§ TASK INPUT:
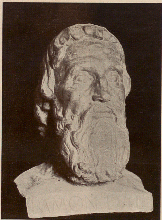
EL RAMON LULL DE L'INSTITUT
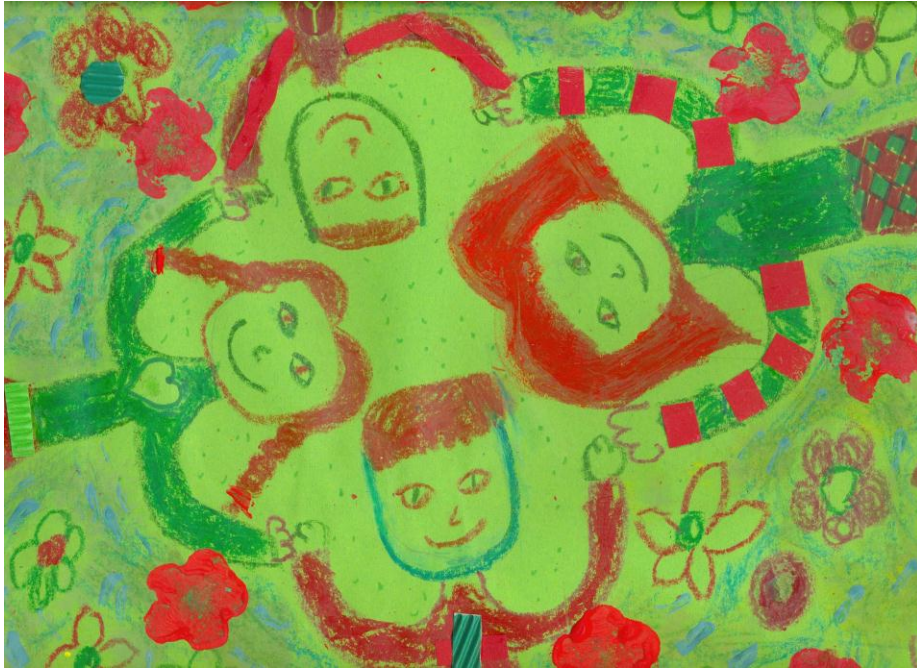
Lea Cvetko, 6. c

Odprto, varno in živo okolje za optimalen razvoj vsakega posameznika, moralnih vrednot in veščin vseživljenjskega učenja ... Usmerjeno k odličnosti.
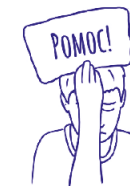
JAK SI UMÍME ŘÍCT O POMOC

Nezapomeňte, že holky a kluci nás neustále sledují, učí se nápodobou, my jsme jejich vzory. Pokud si o pomoc umím říct já, uvidí to a převzou způsoby, jak si mohou říct o pomoc sami. Další infografiky si můžeš stáhnout tady → skaut.cz/kodex/infografiky a použít je třeba v klubovně.
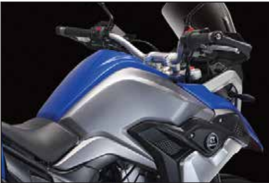
TANKINHALT 21 LITER RÉSERVOIR DE 21 LITRES
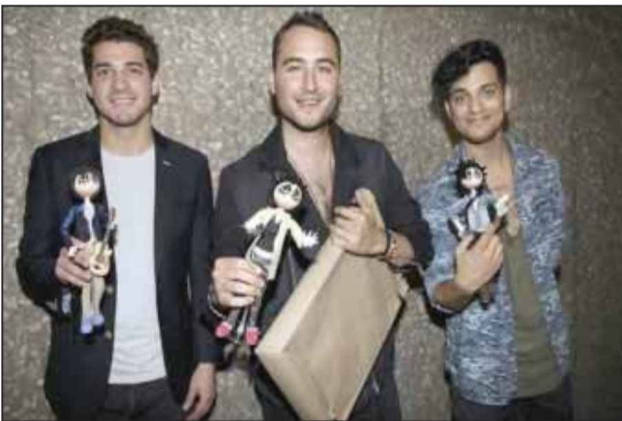
Reik, momentos antes de subir al escenario.
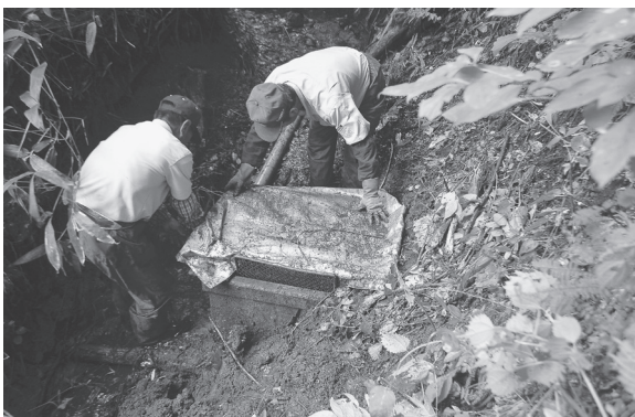
水場の設置「水路崩壊による修理作業」
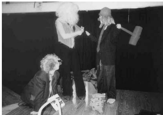
Θεατρική παράσταση «Τα γουρουνάκια κουμπαράδες» του τμήματος Νηπιαγωγών Παν/μίου Αθηνών (αρχ. Μ. Φραγκή)

Ένας μαθητής ρητορεύει και προσπαθεί να δελεάσει το υποψήφιο θύμα του να δοκιμάσει το βοτάνι του δίνοντάς του υποσχέσεις για μια παραδεισένια ζωή.
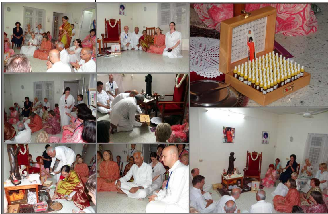
Paziente di 27 anni

16 Agosto 2011: I terapeuti offrono devotamente la scatola originale delle 108CC ai piedi di Loto di Swami.
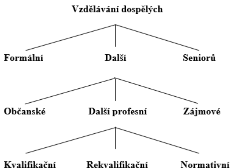
Obrázek 1: Schéma systému vzdělávání dospělých

Do systému vzdělávání dospělých pak zařazuje zájmové vzdělávání následovně:
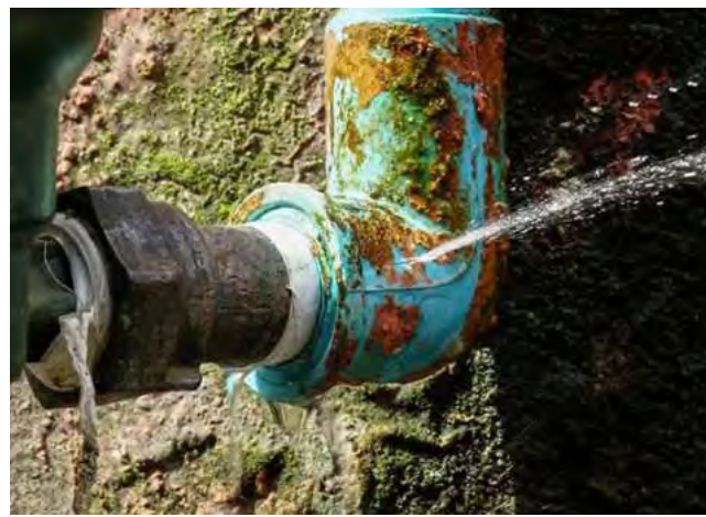
Según datos de Amanco Wavin el 30% del agua segura de todo el mundo se pierde debido a fugas en las tuberías y en Argentina ese número asciende al 40%.

Grandes inundaciones y sequías con escasez de agua se ven cada vez con
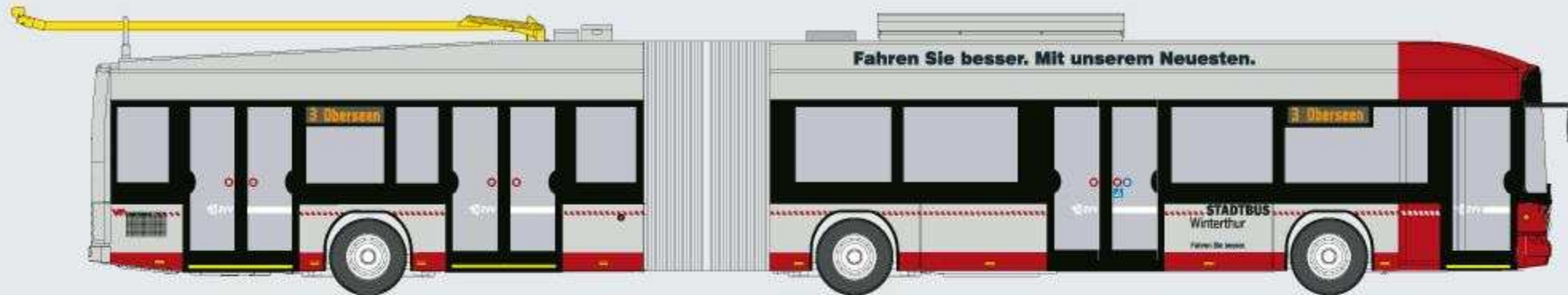
Hess SwissTrolley Stadtbus Winterthur 08701821-1, 3 Oberseen, Wg. 101

Die Carrosserie-Hess AG aus dem schweizerischen Bellach ist Marktführer bei Trolleybussen in der Schweiz. Von VK-Modelle erscheint die Winterthurer Variante.
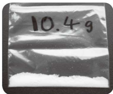
現在の食塩摂取量
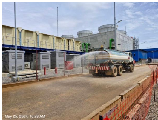
รูปที่ 3-5 การฉีดพรมน้ำภายในพื้นที่โครงการ

ภาพถ่ายประกอบการปฏิบัติตามมาตรการป้องกันและแก้ไขผลกระทบสิ่งแวดล้อม
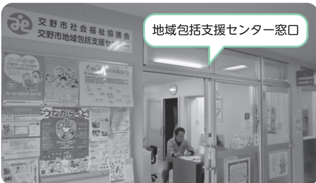
地域包括支援センター窓口

みなさんはじめまして。今年の4月に入職しました。早く地域のみなさんを知り、お力になれるよう一生懸命がんばりますので、これからどうぞよろしくお願いいたします。
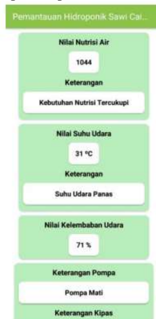
Gambar 4 Pemantauan Nilai Sensor di Android Secara Realtime

Untuk memudahkan pemantauan penulis menggunakan aplikasi android. Hasil pemantauan tersebut dapat dipantau pada menu monitoring.
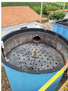
Foto 7 - ETA - Flocculadores desativados.
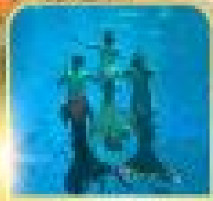
ตลิวเฮาส์
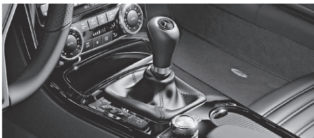
designo Zierelemente in Klavierlack schwarz
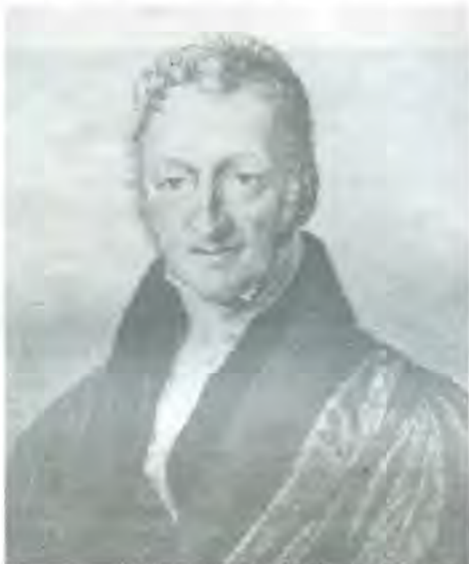
Thomas Robert Malthus

De acuerdo con el Consejo Mexicano del Café, las exportaciones serán este año de sólo 3 millo-
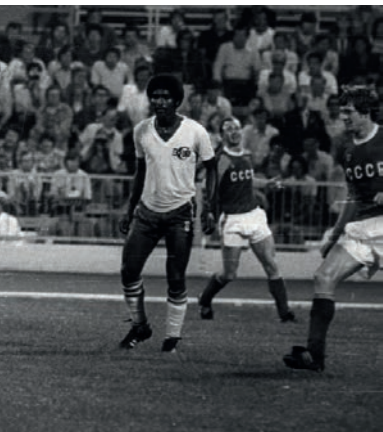
24.07.1980. Москва, стадион «Динамо». В атаке полузащитник Юрий Гаврилов (с мячом).

Но, знаете, я бы без вопросов поменял тот хет-трик на хотя бы один гол в ворота сборной ГДР в полуфинале, где с нами произошла катастрофа. Кто сейчас вспомнит тот разгром Кубы! А вот то, что
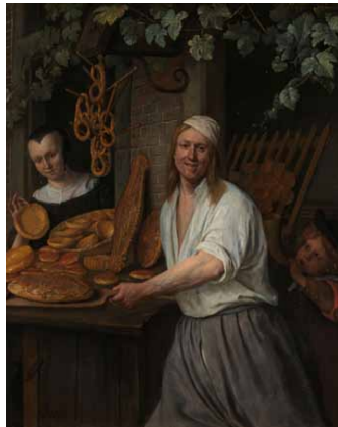
↑ Jan Steen schilderde in 1645 een Leidse bakker met zijn waren. Op dit schilderij is de duivekater afgebeeld: het grote brood dat rechtop tegen de muur staat

Het Zeeuwse kerstfeest bestaat vaak uit een kerkbezoek, uitgebreid eten en drinken, en kerstliedjes zingen bij de kerstboom. Maar de kerstboom is waarschijnlijk een oud Germaans gebruik, komt oorspronkelijk uit Duitsland en kwam pas begin negentiende eeuw naar Nederland. Protestanten voegden hem vervolgens als eerste toe aan hun viering. De altijd groene takken zagen zij als symbool
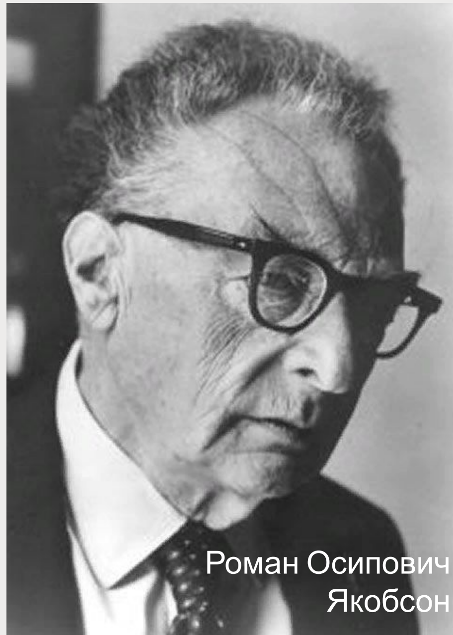
Роман Осипович Якобсон
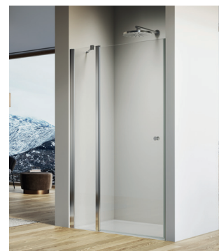
↑ SOLINO Porte pivotante et paroi fixe en ligne SOL13 (Poli-brillant)
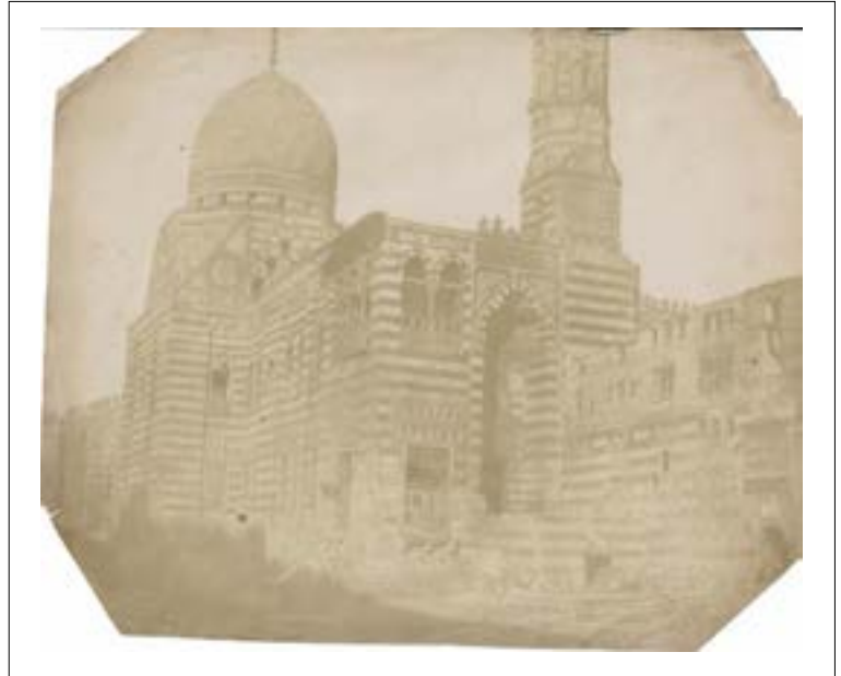
Al-Azhar mosque, Le Caire. 1851. Épreuve sur papier salé d'après un négatif papier. Quatre angles coupés. 18 x 22,2 cm.
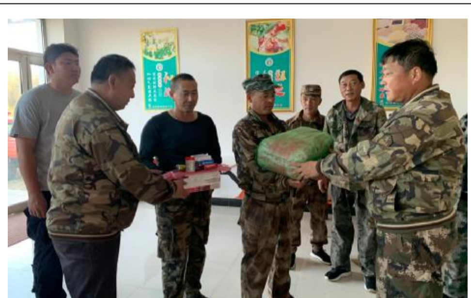
近日,吉文森工公司吉峰林场工会组织人员深入一线,为从事退化林修补任务的职工送去图书,并发放慰问物资。
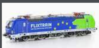
LS16078 E-LOK BR 193 826 FLIXTRAIN "EUROPA", EP.VI# LS16078S SOUND
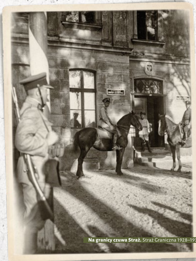
Strażnicy SG przed budynkiem komisariatu. U stojącego strażnika widoczny karabinek „Mosin”. Wielkopolski Inspektorat Okręgowy SG. Lata trzydzieste

na ręczne karabiny maszynowe (rkm) wz. 1928 systemu Browning. W 1938 r. wprowadzono ckm wz. 1930 systemu Browning-Colt polskiej produkcji. Na przełomie 1938/1939 do części komisariatów wprowadzono broń automatyczną. W 1939 r. SG uzbrojona była: w 15 352 kbk, 491 rkm wz. 1928 „Browning”, nieznaną liczbę lkm i ckm („Maxim” wz. 1908/15 i 1908), 8 armat wz. 1885 kal. 37 mm i 2064 pistolety.
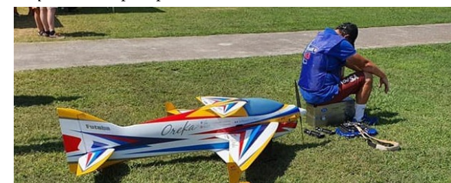
Championnat du monde 2019 : la voltige est un sport de concentration
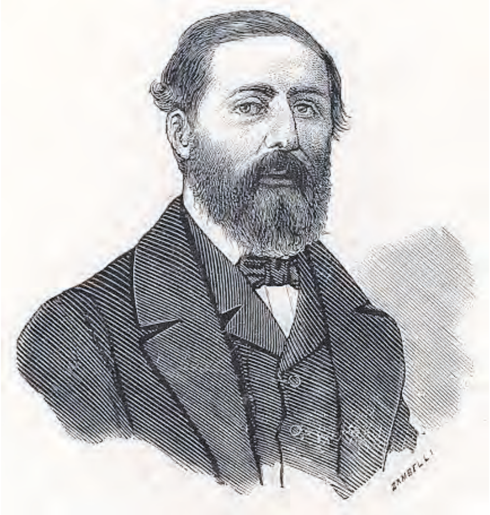
Giuseppe La Farina (1815-1863).

§ EXERCISE GOAL:
Each line between the one holding "Nezapomeňte, že holky" and the one holding "水場の設置「水路崩壊による修理作業」", inclusive, should be copied exactly as it appears above, and pictures should be omitted.

§ SOLUTION FOR THIS PROBLEM:
Nezapomeňte, že holky a kluci nás neustále sledují, učí se nápodobou, my jsme jejich vzory. Pokud si o pomoc umím říct já, uvidí to a převzou způsoby, jak si mohou říct o pomoc sami. Další infografiky si můžeš stáhnout tady → skaut.cz/kodex/infografiky a použít je třeba v klubovně.
TANKINHALT 21 LITER RÉSERVOIR DE 21 LITRES
Reik, momentos antes de subir al escenario.
水場の設置「水路崩壊による修理作業」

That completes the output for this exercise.